§ **Records for the exercise**:
* * *

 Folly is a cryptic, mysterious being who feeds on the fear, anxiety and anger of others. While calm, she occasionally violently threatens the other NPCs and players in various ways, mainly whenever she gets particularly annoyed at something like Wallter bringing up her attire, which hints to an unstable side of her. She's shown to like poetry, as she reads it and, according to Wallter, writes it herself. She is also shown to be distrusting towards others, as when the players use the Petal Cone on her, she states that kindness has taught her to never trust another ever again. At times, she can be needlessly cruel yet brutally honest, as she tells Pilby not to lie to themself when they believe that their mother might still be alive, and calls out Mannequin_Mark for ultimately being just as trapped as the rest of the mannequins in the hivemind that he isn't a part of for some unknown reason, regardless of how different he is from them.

* * *

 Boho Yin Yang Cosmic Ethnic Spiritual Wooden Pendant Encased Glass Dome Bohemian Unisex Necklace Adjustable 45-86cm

* * *

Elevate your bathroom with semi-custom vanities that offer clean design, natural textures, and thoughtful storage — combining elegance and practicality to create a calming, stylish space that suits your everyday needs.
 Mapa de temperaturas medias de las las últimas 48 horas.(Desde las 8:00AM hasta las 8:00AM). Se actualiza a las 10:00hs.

* * *

§ **Exercise objective**: Lines holding the string "that" are the answer; copy each one from the listing above.

§ **Your response**:
 Folly is a cryptic, mysterious being who feeds on the fear, anxiety and anger of others. While calm, she occasionally violently threatens the other NPCs and players in various ways, mainly whenever she gets particularly annoyed at something like Wallter bringing up her attire, which hints to an unstable side of her. She's shown to like poetry, as she reads it and, according to Wallter, writes it herself. She is also shown to be distrusting towards others, as when the players use the Petal Cone on her, she states that kindness has taught her to never trust another ever again. At times, she can be needlessly cruel yet brutally honest, as she tells Pilby not to lie to themself when they believe that their mother might still be alive, and calls out Mannequin_Mark for ultimately being just as trapped as the rest of the mannequins in the hivemind that he isn't a part of for some unknown reason, regardless of how different he is from them.
Elevate your bathroom with semi-custom vanities that offer clean design, natural textures, and thoughtful storage — combining elegance and practicality to create a calming, stylish space that suits your everyday needs.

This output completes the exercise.